Closed fearful-symmetry closed 6 months ago
cmacknz
commented
6 months ago If there is a CVE reported against the current docker patch version we are going to be doing this work anyway. It may be better to just update the types downstream now, otherwise someone with no context on the problem might end up having to deal with as a result of a vulnerability scan result.
fearful-symmetry
commented
6 months ago @cmacknz hmm, good point. This is blocking my current sprint work, should we just divert to dealing with this? Make an issue and do it later?
cmacknz
commented
6 months ago How much work is fixing up Beats? Is it just a bunch of find/replace work? If so I'd say just do it.

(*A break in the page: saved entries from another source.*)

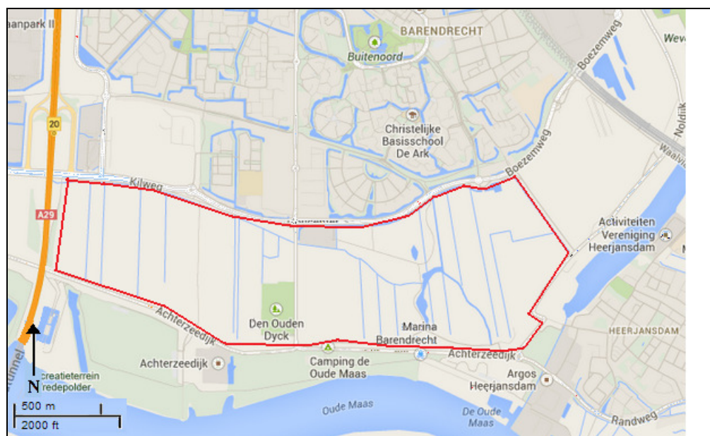
Figuur 4. Gebiedsgrenzen Zuidpolder.

De in het gebied gelegen woonerven en het kerkhof worden niet meegenomen tijdens deze vogelmonitoring.
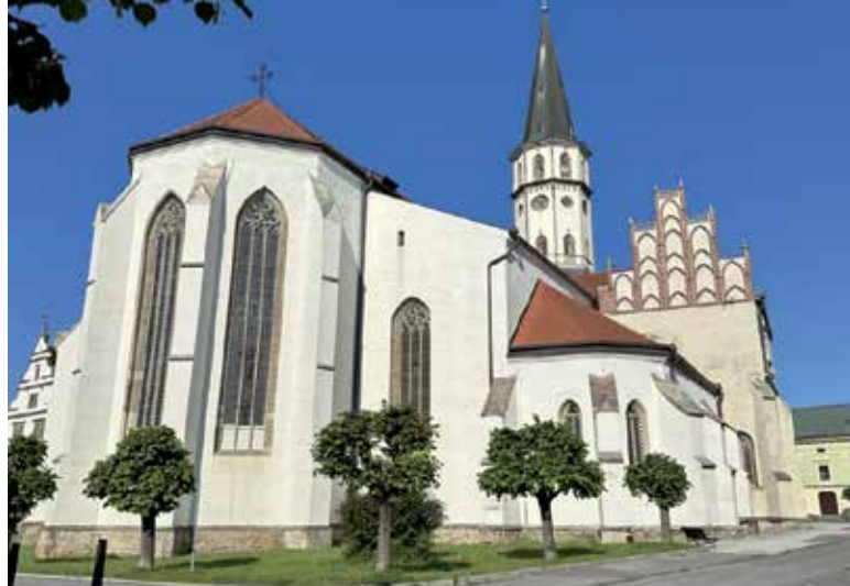
Bazilika sv. Jakuba.

Pôvod levočskej radnice siaha do 15. storočia. Pôvodná drevená budova radnice bola zničená v roku 1550 požiarom, v roku 1599 ju požiar postihol opäť. V roku 1615 ju rozšírili a prístavbovali južnú časť a arkády
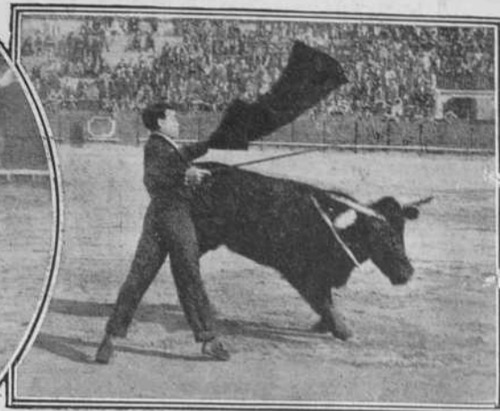
Un pase de pecho de Blanquito.

te todo, concedores como el primero del toro y del toreo, picaban seis toros con el mismo caballo, midiendo contadas veces el suelo, y si levantaran la cabeza y vieran cómo se asesinan actualmente los solípedos, con esas puyas alanzadas y de palo fino para que no se encallezcan las manos de epidermis satinada (?) del Centauro actual, pues los hombres de muñecas de hierro y manos callosas, fueron, se volverían á sus lechos de piedra , avergonzados ante sus herederos. No es de extrañar que fueran los menos castigados en este sport taurino y, por lo tanto, los que menos falta les hacía el cuarto del hule . Para mengua de los herederos de aquellos Centauros y descrédito de la fiesta nacional en la actualidad, la suerte de varas está en decadencia, ha dado el salto atrás que la ha convertido de la más hermosa, viril y vistosa suerte del toreo en espectáculo poco menos que macabro y repugnante arsenal inagotable de traumatizados, y liquidación de la raza caballar.
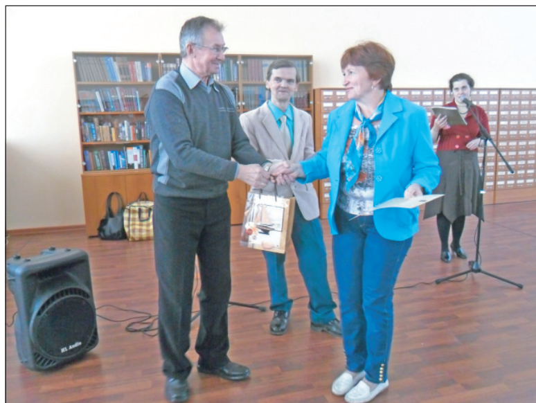
Награждение победителей конкурса.

Полномочный представитель ярославского отделения Союза писателей
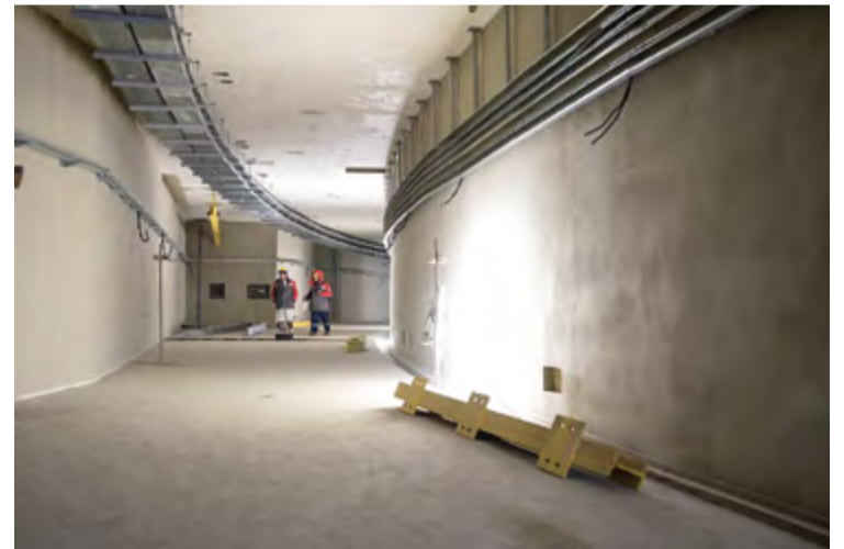
Основное кольцо-накопитель сейчас строится

Бустерный синхротрон — это основной ускоряющий элемент комплекса, который поднимает энергию пучка с уровня 200 миллионов до 3 миллиардов электрон-вольт. В этом кольце ускорение пучка до рабочей энергии СКИФ происходит примерно за полсекунды, после чего уже на рабочей энергии он по специальному транспортному каналу перепускается из бустерного синхротрона в основное кольцо.
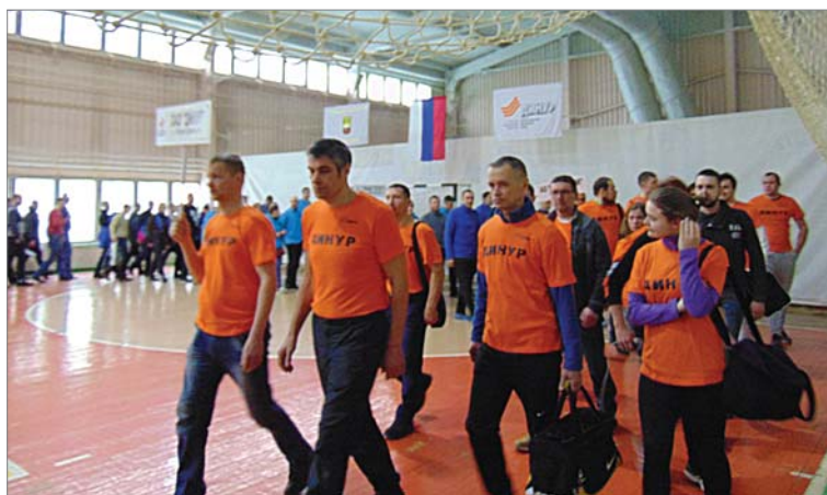
Соревнования открыл парад участников.

- Второй раз используем другой формат — если раньше соревнования по каждому виду спорта проводились отдельно, то с прошлого года стали комбинировать. Удобнее освободить участников команды, готовиться и дружно приезжать. Сегодня — зимние виды, предусмотрен ещё второй этап, по летним.
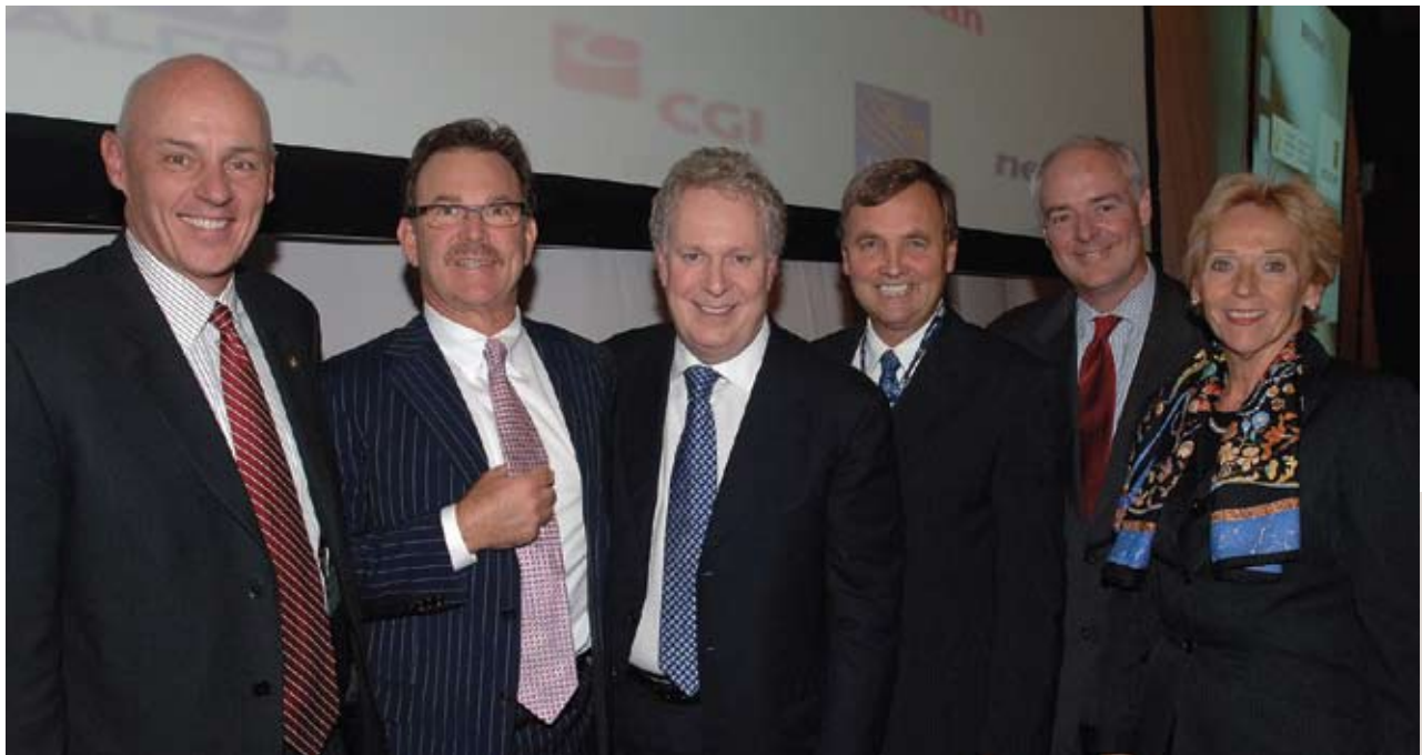
Congrès conjoint FCCQ-CCC Québec, octobre 2008

Du 3 au 6 octobre 2008, la FCCQ a tenu son congrès annuel dans la Capitale nationale, conjointement avec la Chambre de commerce du Canada. Cela, afin de souligner le 400 e anniversaire de la ville de Québec et le 200 e de la Chambre de commerce de Québec. Plus de 600 délégués étaient présents, dont 350 du Québec. Lors de l'Assemblée générale de la FCCQ, tenue en marge du congrès, les participants ont adopté deux résolutions, l'une touchant les travailleurs autonomes et l'autre, l'environnement.
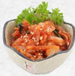
韓国キムチ NEW Korean Kimchi
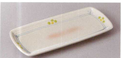
223-16-77H 1,100円 萩風早春付出皿 25×10.7×2.5cm
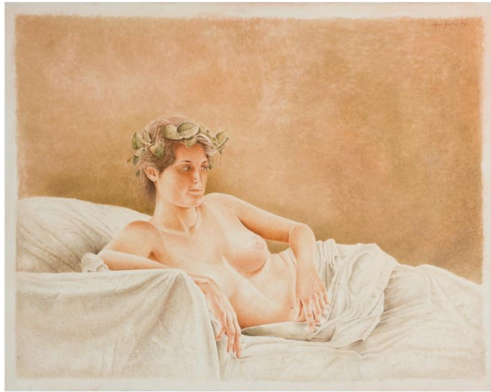
Alfredo Guerrero (2003) Desnudo (Pintura al óleo)
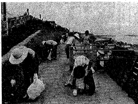
自主活動の盛んな海浜清掃(6日、金衛町浜で)

市民運動団体として誕生した「きれいなまちづくり運動実行委員会」も結成以来四年目を迎え、海浜、道路にと、活発なクリーン運動を展開しています。六日には金衛町浜での夏最後の海浜清掃を行い、この運動の着実な広がりを見せてくれました。また、実行委員会以外の団体の自主活動も年々盛んになり、地域ぐるみの環境美化の気運も一層高まりを見せています。
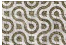
Motif de maillon
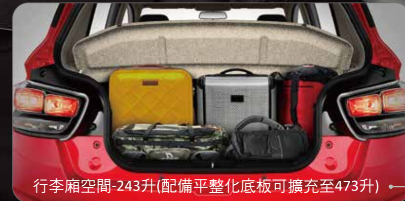
行李廂空間-243升(配備平整化底板可擴充至473升)
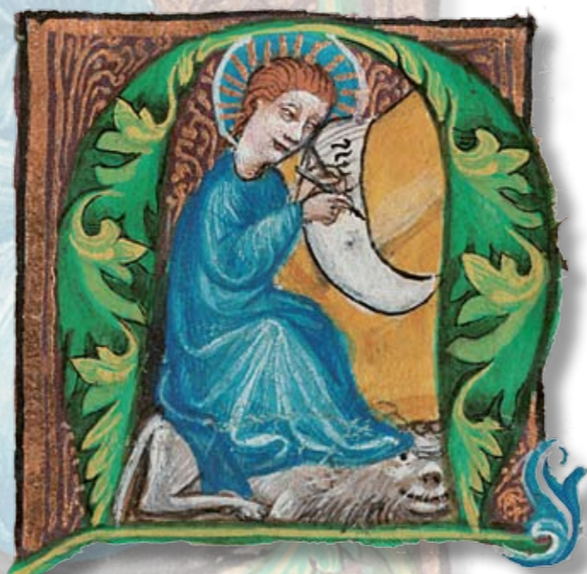
Sv. Marek Evangelista
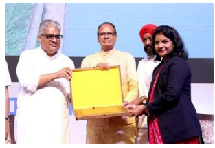
गौ-काष्ठ, अपशिष्ट प्रबंधन, कार्बन कैप्चर, प्रदूषण नियंत्रण के उपाय, प्लास्टिक अपशिष्ट प्रबंधन, लीन एयर प्रोजे 2, सेलुलर कियोस्क, सोपेट ड्रॉपिंग में प्रदूषण नियंत्रण, ऑटि पर केंद्र प्रदूषण का फेन कट कर उखाड़ना किया। प्रकृति और पर्यावरण सत्रेण भारत की मार्टी में है। मु यमंत्रि श्री चौहान ने राष्ट्रीय कार्यक्रम को संबोधित करते हुए कहा कि प्रकृति को रक्षित करने से हमें भारत की मार्टी में है। भारतीय संस्कृति की मान्यता है कि प्रकृति का शोभा नहीं

शहरों को मिले डेढ़ करोड़ से लेकर 12.50 लाख रुपये तक के पुरस्कार राष्ट्रीय कार्यक्रम में 10 लाख से अधिक जनसं या वाले शहरों को श्रेणी में आया को एक करोड़ रुपये का इतिवैय और ठाणे (महाराष्ट्र) को 50 लाख रुपये का तुमिप और तीन से दस लाख आबादी की श्रेणी में अंतरराष्ट्रीय को 75 लाख रुपये का प्रथम, मुद्रुदबद को 50 लाख रुपये का इतिवैय, मुद्रु को 25 लाख रुपये का तुमिप और तीन से दस लाख से कम आबादी की श्रेणी में खलियार प्रदेश के परल्लु को 37.50 लाख का प्रथम
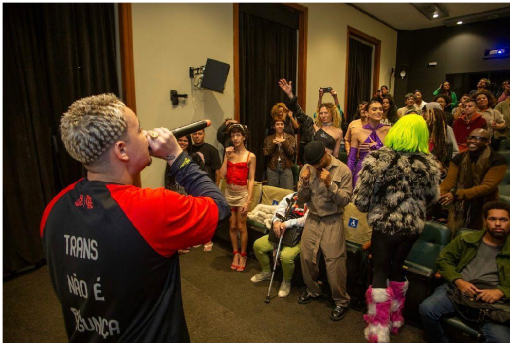
Apresentação no projeto Transcineclube, no Centro Cultural Justiça Federal, 2025
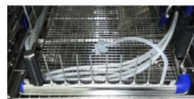
▲ 内腔洗浄の評価に使える フローPCD
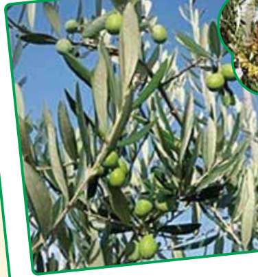
オリーブが立派に 実りました！

都賀川沿いの公園にオリーブの木をたくさん植えました。公園のお掃除にも力が入ります。朝日の中でオリーブの銀葉が道行く人たちに「おはようさん」。繁った葉は捨てないで、ちよっぴり辛い健康茶に。実を集めて塩漬けにもトライ。冬はリースを編んで地域の施設に飾っています。
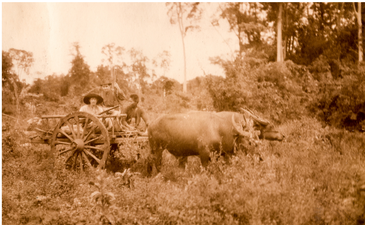
Retour du gibier en charrette
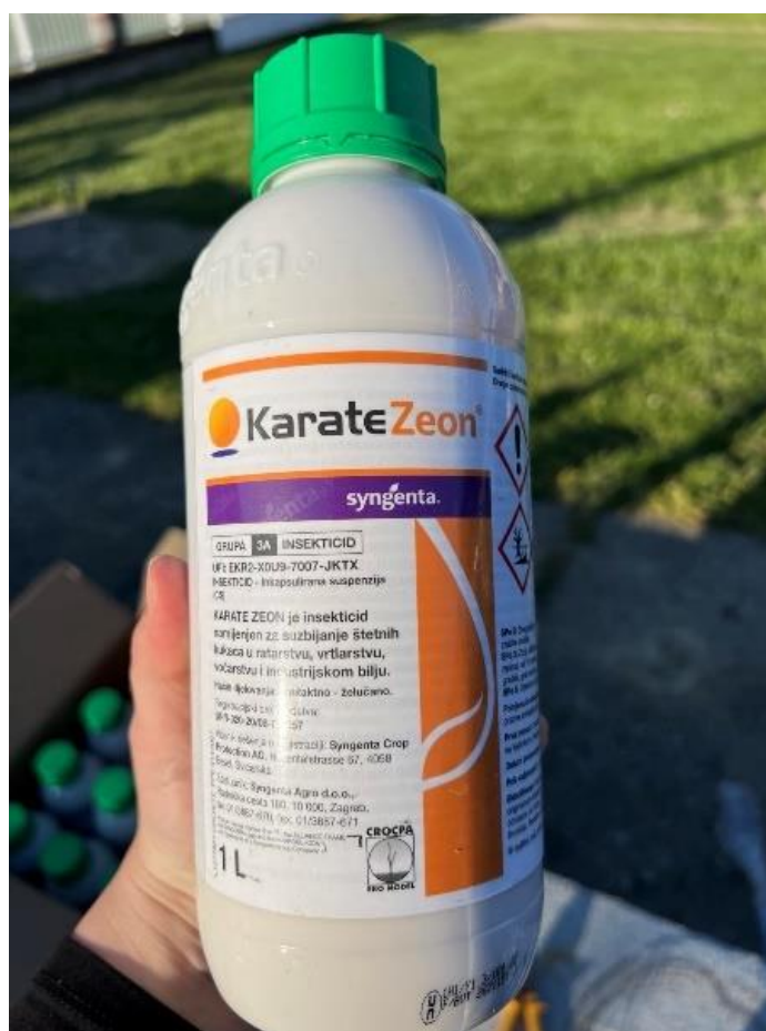
Slika 11. Karate Zeon

Karate Zeon, insekticid s kontaktnim djelovanjem korišten je za suzbijanje štetnih kukaca u ječmu. Insekticid (Slika 11.) je sredstvo koje je registrirano do 07. veljače 2029. godine i sadrži aktivnu tvar lambda-cihalotrin. Ova aktivna tvar u tijelu kukca ometa prijenos živčanih impulsa, a ulazi kroz kutikulu. Karate Zeon namijenjen je za suzbijanje Aphididae (lisne uši) i Oulema melanops (crveni žitni balac). Insekticid se koristi kada se primijeti pojava štetnika i to u dozi 1,5 ml na 100 m 2 . Primjena insekticida dozvoljena je dva puta u vegetaciji u razmaku od 14 dana. Karenca za ovaj insekticid je 30 dana.
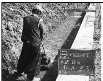
① 地面を掘り砕石を敷いて埋戻して、機械で転圧
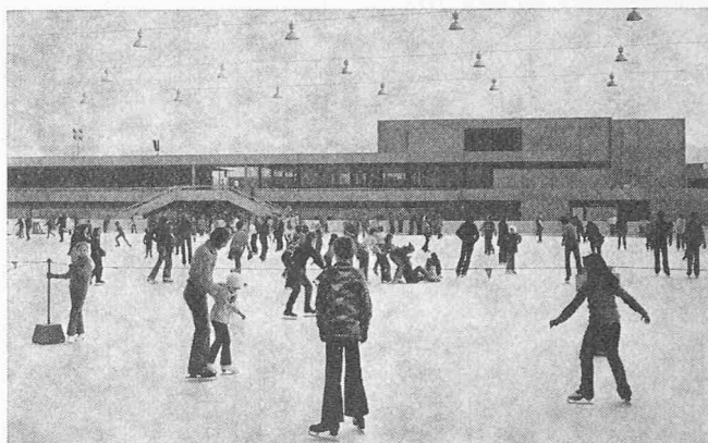
Die Kunsteisbahn im Betrieb (anfangs 1972)

bis 0 Stunden am Schluss des Betonierens. Ein Bespritzen der noch frischen Betonoberfläche mit einem chemischen Nachbehandlungsmittel verzögerte den Austrocknungsprozess.
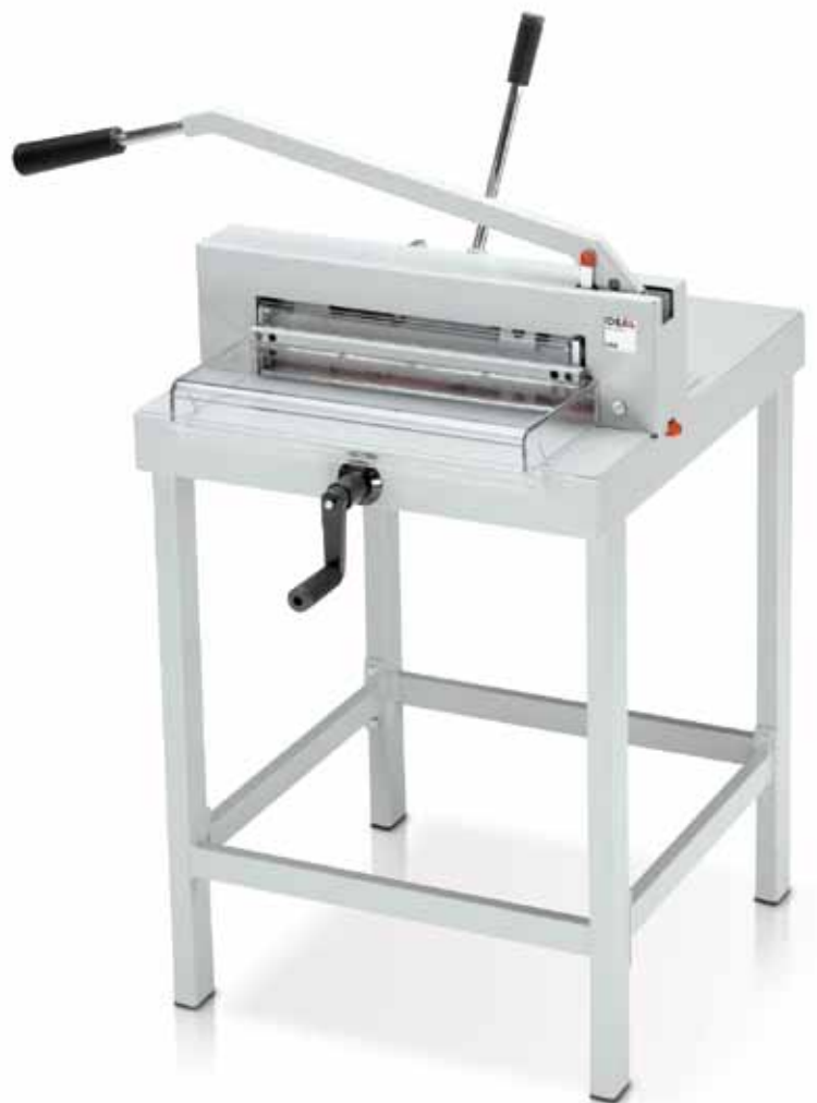
IDEAL 4305 mit optionalem Untergestell
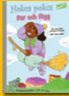
Hokus pokus: Far och flyg
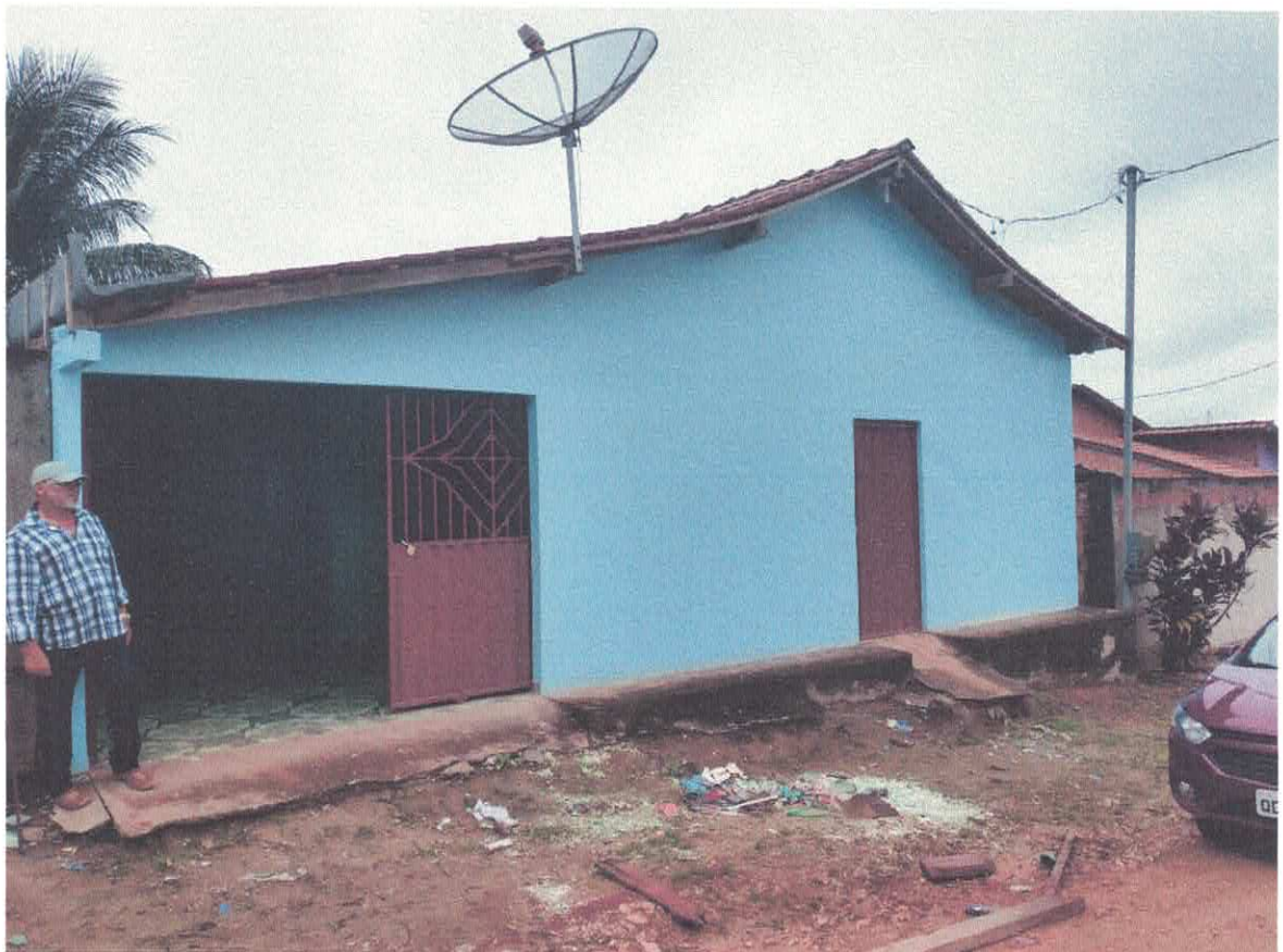
Imagem 01 – Vista Frontal

Luana Prefeitura Mun. de Anapú Luana Máximo Engenheira Civil RNP: 1518638255

If this involves rewriting actual logic then create a separate issue and we'll merge this and do the changes separately.
fearful-symmetry
commented
6 months ago It looks like mostly library/type name changes, but there's a ton of them. Guess I'll take a crack at it and find out.
fearful-symmetry
commented
6 months ago @cmacknz so, it looks like all our other elastic-agent-* libraries are also on 24.x.x, and looking at git, that branch is still getting updates as of two months ago, so I assume we'd get any fixes for CVEs on that branch as well. I think we might be better off sticking with 24.x.x for now, unless we have a reason to update the entire ecosystem of helper libs.
What does this PR do?
So, when I added the docker container tests, I didn't realize that the newest version of the docker API is completely different, and once I imported it into beats, the newer version of the docker library just broke everything. I figure the easiest way to deal with this is just to use the same version of docker here and in beats.